The Company maintains reserves for potential credit losses on accounts receivable. Management reviews the composition of accounts receivable and analyzes historical bad debts, customer concentrations, customer credit worthiness, current economic trends and changes in customer payment patterns to evaluate the adequacy of these reserves.

Inventory
 
Inventory consists of coal extracted from the ground that is available for delivery to customers, as well as extracted coal removed from the ground but not yet processed through a wash plant. Inventory is valued at the lower of average cost or market, cost being determined on a first in, first out method and including labor costs and all expenditures directly related to the removal of coal.
 
Prepaid Mining Rights
 
Prepaid mining rights represent the portion of the mining rights for which the Company has previously paid.   Prepaid mining rights are expensed based on actual production volume during the period. See additional discussion in Note 6, “Prepaid Mining Rights.”
 
 
Goodwill
 
Goodwill is the excess of purchase price and related costs over the value assigned to the net tangible and identifiable intangible assets of businesses acquired. In accordance with Statement of Financial Accounting Standards No. 142, Goodwill and Other Intangible Assets (“Statement No. 142”), codified in Financial Accounting Standards Board (“FASB”) Accounting Standards Codification (“ASC”) Topic 350, goodwill is not amortized but is tested for impairment, annually or when circumstances indicate a possible impairment may exist. Impairment testing is performed at a reporting unit level. An impairment loss generally would be recognized when the carrying amount of the reporting unit exceeds its fair value, with the fair value of the reporting unit determined using discounted cash flow (DCF) analysis. A number of significant assumptions and estimates are involved in the application of the DCF analysis to forecast operating cash flows, including the discount rate, the internal rate of return, and projections of realizations and costs to produce. Management considers historical experience and all available information at the time the fair values of its reporting units are estimated.

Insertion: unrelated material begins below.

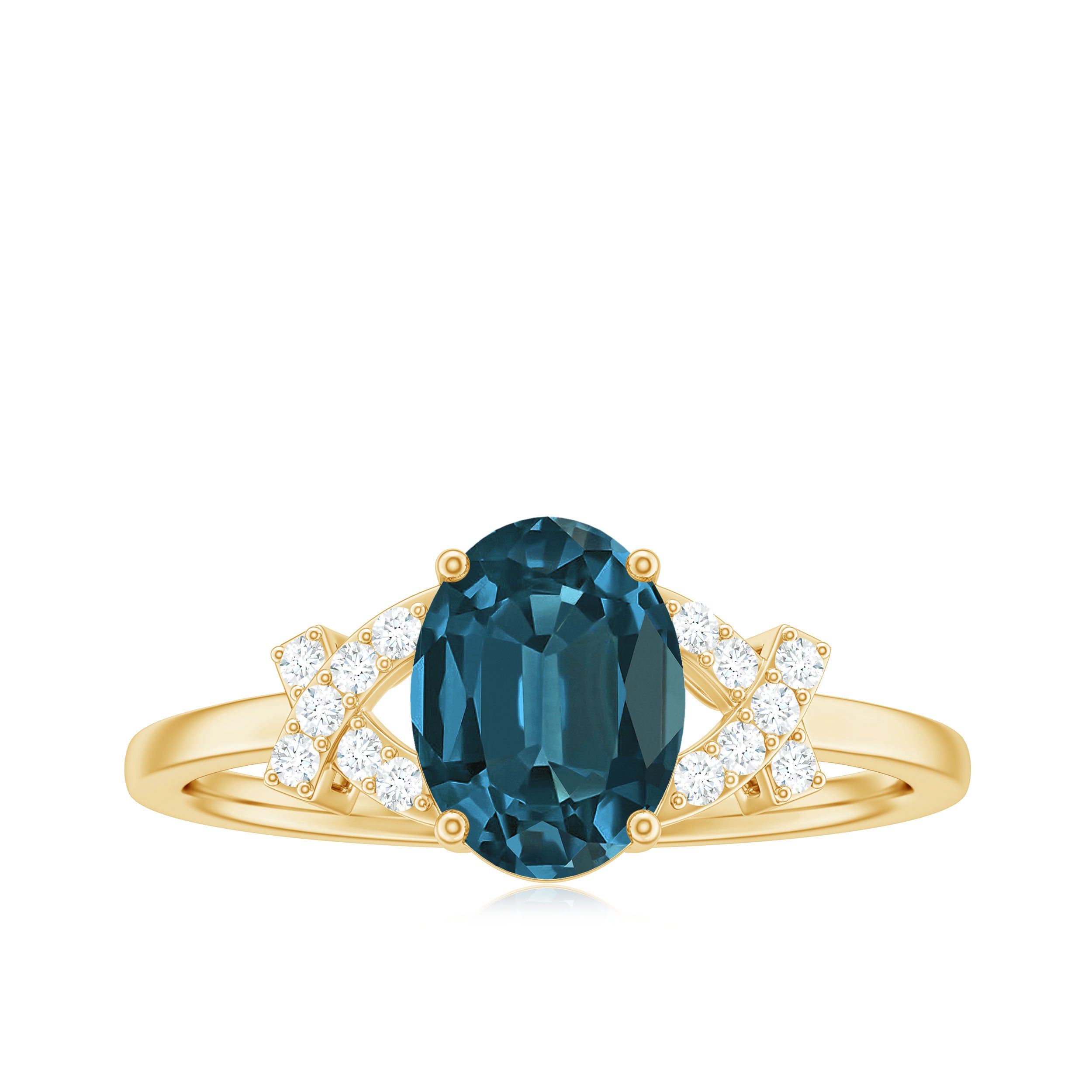For bride who adore a touch of sparkle, our stylish halo engagement ring elegantly highlights the center London blue topaz and makes them appear a bit larger. Encircled by small diamonds or moissanite stone, the shimmery halo not only accentuates the brilliance but also maximizes the regal blue hues, making them a foremost option for wedding or engagement rings. Our classic yet mesmerizing London blue topaz with a diamond accent is perfect for couples who appreciate the timeless charm with a hint of glamour.

On April 4, 2008, the Company completed the acquisition of 90% of Xing An pursuant to the Agreement for price determined by multiplying the number of shares of SGZH outstanding just prior to the transaction (400,000 Series A preferred shares and 6,932,582 common shares) by the average stock price of SGZH stock two days before and two days after the Agreement date. In connection with the transaction, the Xing An shareholders received 8 million shares of SGZH common stock and $30 million, which was treated as a dividend payable and recorded as a charge to retained earnings.  The total consideration exceeded the fair value of the net assets acquired by $26,180,923, which was recorded as goodwill. As a result of the acquisition, the Xing An Shareholders owned 53% of the combined company. For accounting purposes, the acquisition of Xing An by SGZH is accounted for as a reverse acquisition of SGZH by Xing An.  As of December 31, 2010, the Company concluded there was no impairment to the goodwill.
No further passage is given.